= What this task involves =
From first line to last, write out the data precisely as shown.

*** Opening Information supplied ***

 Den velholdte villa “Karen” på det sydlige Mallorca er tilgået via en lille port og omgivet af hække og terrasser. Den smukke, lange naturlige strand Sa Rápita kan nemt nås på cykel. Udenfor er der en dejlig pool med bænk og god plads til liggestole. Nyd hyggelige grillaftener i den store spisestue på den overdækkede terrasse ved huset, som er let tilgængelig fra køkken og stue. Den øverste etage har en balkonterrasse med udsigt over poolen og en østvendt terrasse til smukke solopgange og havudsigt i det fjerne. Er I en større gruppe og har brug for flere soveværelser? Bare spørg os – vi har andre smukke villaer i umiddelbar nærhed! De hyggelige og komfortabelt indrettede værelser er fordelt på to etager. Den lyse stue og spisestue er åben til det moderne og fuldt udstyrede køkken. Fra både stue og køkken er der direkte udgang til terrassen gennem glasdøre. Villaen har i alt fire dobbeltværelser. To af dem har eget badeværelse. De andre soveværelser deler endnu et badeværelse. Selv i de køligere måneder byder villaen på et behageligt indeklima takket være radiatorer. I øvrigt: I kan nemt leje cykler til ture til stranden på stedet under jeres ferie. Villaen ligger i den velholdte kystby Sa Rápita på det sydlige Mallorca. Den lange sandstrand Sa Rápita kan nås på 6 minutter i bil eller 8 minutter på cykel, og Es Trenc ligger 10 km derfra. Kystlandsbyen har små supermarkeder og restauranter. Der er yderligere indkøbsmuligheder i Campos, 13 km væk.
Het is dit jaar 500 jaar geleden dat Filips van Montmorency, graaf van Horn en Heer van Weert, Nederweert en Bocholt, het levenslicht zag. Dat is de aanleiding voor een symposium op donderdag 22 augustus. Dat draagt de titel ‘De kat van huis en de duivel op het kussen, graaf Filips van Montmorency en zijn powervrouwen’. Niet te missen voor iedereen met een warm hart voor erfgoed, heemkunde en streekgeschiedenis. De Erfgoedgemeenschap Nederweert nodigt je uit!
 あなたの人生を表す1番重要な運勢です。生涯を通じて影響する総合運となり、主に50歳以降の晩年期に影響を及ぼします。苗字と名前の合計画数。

*** Closing Information supplied ***

= Task result =
 Den velholdte villa “Karen” på det sydlige Mallorca er tilgået via en lille port og omgivet af hække og terrasser. Den smukke, lange naturlige strand Sa Rápita kan nemt nås på cykel. Udenfor er der en dejlig pool med bænk og god plads til liggestole. Nyd hyggelige grillaftener i den store spisestue på den overdækkede terrasse ved huset, som er let tilgængelig fra køkken og stue. Den øverste etage har en balkonterrasse med udsigt over poolen og en østvendt terrasse til smukke solopgange og havudsigt i det fjerne. Er I en større gruppe og har brug for flere soveværelser? Bare spørg os – vi har andre smukke villaer i umiddelbar nærhed! De hyggelige og komfortabelt indrettede værelser er fordelt på to etager. Den lyse stue og spisestue er åben til det moderne og fuldt udstyrede køkken. Fra både stue og køkken er der direkte udgang til terrassen gennem glasdøre. Villaen har i alt fire dobbeltværelser. To af dem har eget badeværelse. De andre soveværelser deler endnu et badeværelse. Selv i de køligere måneder byder villaen på et behageligt indeklima takket være radiatorer. I øvrigt: I kan nemt leje cykler til ture til stranden på stedet under jeres ferie. Villaen ligger i den velholdte kystby Sa Rápita på det sydlige Mallorca. Den lange sandstrand Sa Rápita kan nås på 6 minutter i bil eller 8 minutter på cykel, og Es Trenc ligger 10 km derfra. Kystlandsbyen har små supermarkeder og restauranter. Der er yderligere indkøbsmuligheder i Campos, 13 km væk.
Het is dit jaar 500 jaar geleden dat Filips van Montmorency, graaf van Horn en Heer van Weert, Nederweert en Bocholt, het levenslicht zag. Dat is de aanleiding voor een symposium op donderdag 22 augustus. Dat draagt de titel ‘De kat van huis en de duivel op het kussen, graaf Filips van Montmorency en zijn powervrouwen’. Niet te missen voor iedereen met een warm hart voor erfgoed, heemkunde en streekgeschiedenis. De Erfgoedgemeenschap Nederweert nodigt je uit!
 あなたの人生を表す1番重要な運勢です。生涯を通じて影響する総合運となり、主に50歳以降の晩年期に影響を及ぼします。苗字と名前の合計画数。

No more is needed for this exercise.